Exercise -
Your copy should start at the line with "7 до 15литров." and end at the line with "春雨は熱湯に5分つけてもどし" in the data below. Transcribe only those lines, exactly, pictures excluded.

Data to use -
___
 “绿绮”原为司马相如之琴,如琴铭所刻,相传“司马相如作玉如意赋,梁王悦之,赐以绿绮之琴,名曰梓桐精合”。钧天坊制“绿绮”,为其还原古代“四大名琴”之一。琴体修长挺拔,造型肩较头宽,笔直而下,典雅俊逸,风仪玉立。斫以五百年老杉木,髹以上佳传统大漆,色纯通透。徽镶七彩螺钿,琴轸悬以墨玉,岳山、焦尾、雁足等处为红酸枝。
___
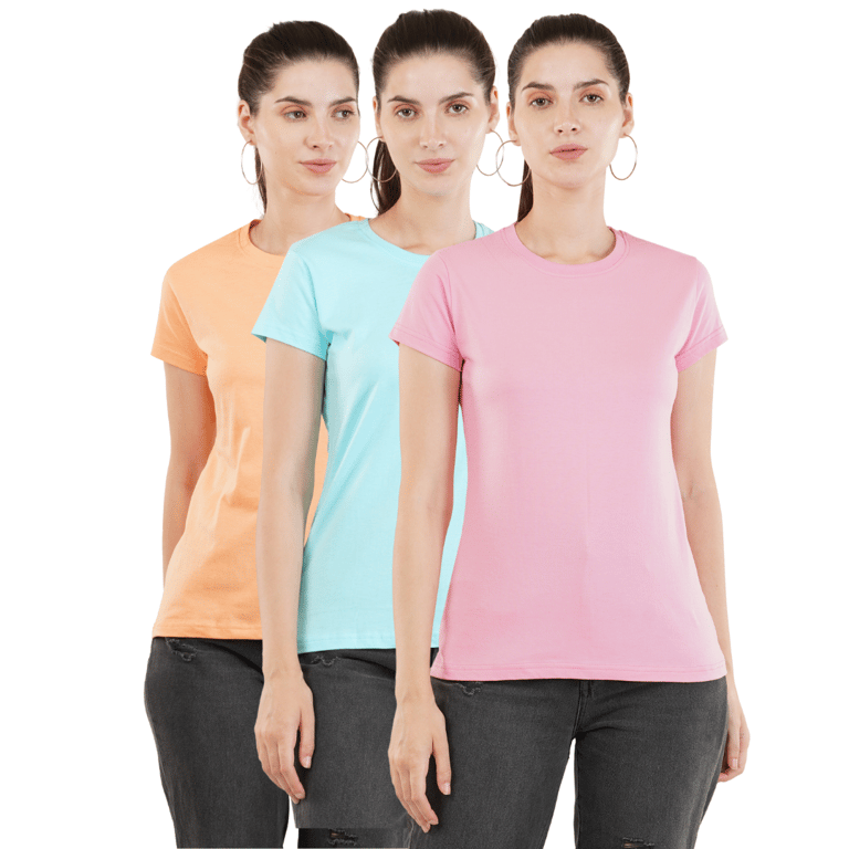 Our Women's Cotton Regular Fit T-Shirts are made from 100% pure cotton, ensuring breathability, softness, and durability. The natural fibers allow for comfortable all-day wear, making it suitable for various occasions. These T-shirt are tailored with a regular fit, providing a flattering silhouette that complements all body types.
___
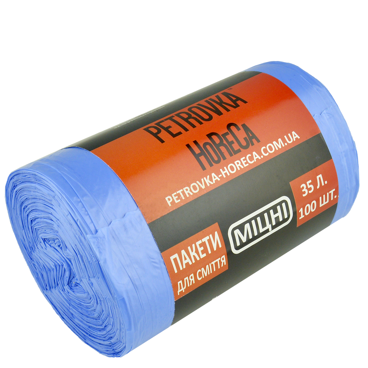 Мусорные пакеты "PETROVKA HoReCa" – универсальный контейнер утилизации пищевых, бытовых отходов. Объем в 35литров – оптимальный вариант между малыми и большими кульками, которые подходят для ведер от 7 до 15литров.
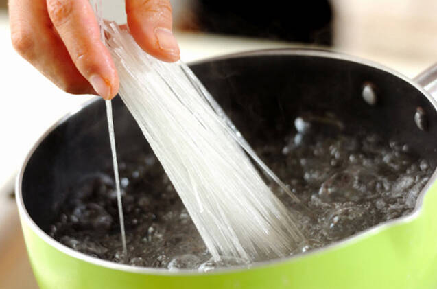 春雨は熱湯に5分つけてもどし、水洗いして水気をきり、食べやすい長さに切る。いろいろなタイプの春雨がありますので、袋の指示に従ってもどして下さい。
___
Expected answer -
 Мусорные пакеты "PETROVKA HoReCa" – универсальный контейнер утилизации пищевых, бытовых отходов. Объем в 35литров – оптимальный вариант между малыми и большими кульками, которые подходят для ведер от 7 до 15литров.
 春雨は熱湯に5分つけてもどし、水洗いして水気をきり、食べやすい長さに切る。いろいろなタイプの春雨がありますので、袋の指示に従ってもどして下さい。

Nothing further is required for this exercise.